## EXERCISE OBJECTIVE
Every line of the listing should be retyped exactly, but none of the pictures should be.
(GIVEN INFORMATION)
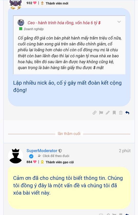 Cảm ơn đã phản ứng rất nhanh @SuperModerator thị trường giảm điểm thì bất cứ NDT nào đang cầm cổ đều lo lắng nhưng những thành phần Cl cứ lộng hành thì càng tệ.
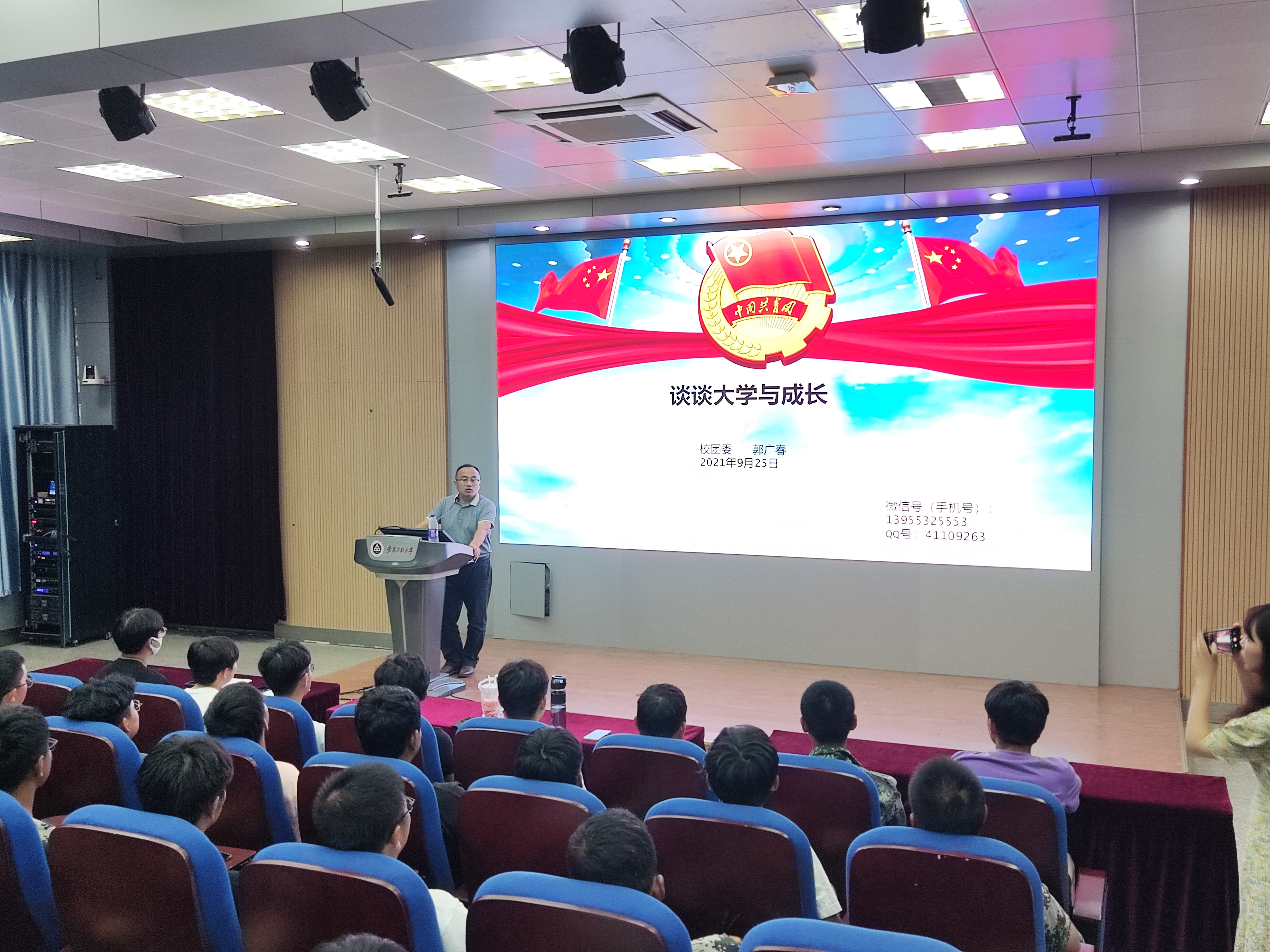 不忘初心与使命,从百年党史中汲取智慧和力量,刘德军则通过“读《论中国共产党历史》悟大学生成才之路”勉励新生学子要加强党史学习,积极继承党的成功经验和优良传统,并以实际行动积极向党组织靠拢。闫石以“礼仪与沟通”为主题,通过诙谐幽默的语言向学生讲解了正确的礼仪与沟通方式知识。郭广春从两个第一次、至少“两个没有”、一个理想与抱负、学习与实践入手与新生学子共话“大学与成长”,勉励新生学子要做最新的安工程人、做最勤的安工程人、做最美的安工程人。周宇航、潘颢及李增产三位优秀学长分别从志愿服务、网络信息素养及网络安全、学习方法掌握及学习习惯培养等方面进行了经验分享,充分发挥了学生先进典型的示范引领作用。
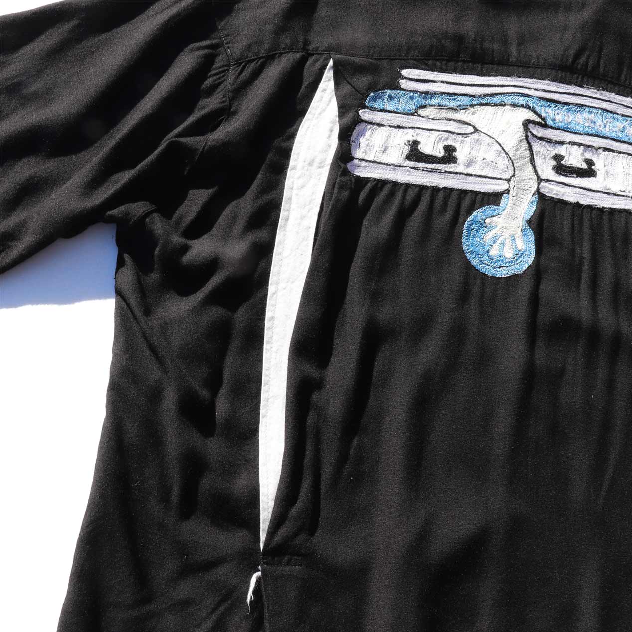 MODEL : PARAGRAFF “MADUROS FUNERAL HOME” Black Bowling Shirt MANUFACTURE : Made In India AGE : 90's SIZE : M COLOR : ブラック×ホワイト MATERIAL : レーヨン 100% COMMENT : 90年代、パラグラフのボーリングシャツです。
(End GIVEN INFORMATION)
## WRITTEN RESPONSE
 Cảm ơn đã phản ứng rất nhanh @SuperModerator thị trường giảm điểm thì bất cứ NDT nào đang cầm cổ đều lo lắng nhưng những thành phần Cl cứ lộng hành thì càng tệ.
 不忘初心与使命,从百年党史中汲取智慧和力量,刘德军则通过“读《论中国共产党历史》悟大学生成才之路”勉励新生学子要加强党史学习,积极继承党的成功经验和优良传统,并以实际行动积极向党组织靠拢。闫石以“礼仪与沟通”为主题,通过诙谐幽默的语言向学生讲解了正确的礼仪与沟通方式知识。郭广春从两个第一次、至少“两个没有”、一个理想与抱负、学习与实践入手与新生学子共话“大学与成长”,勉励新生学子要做最新的安工程人、做最勤的安工程人、做最美的安工程人。周宇航、潘颢及李增产三位优秀学长分别从志愿服务、网络信息素养及网络安全、学习方法掌握及学习习惯培养等方面进行了经验分享,充分发挥了学生先进典型的示范引领作用。
 MODEL : PARAGRAFF “MADUROS FUNERAL HOME” Black Bowling Shirt MANUFACTURE : Made In India AGE : 90's SIZE : M COLOR : ブラック×ホワイト MATERIAL : レーヨン 100% COMMENT : 90年代、パラグラフのボーリングシャツです。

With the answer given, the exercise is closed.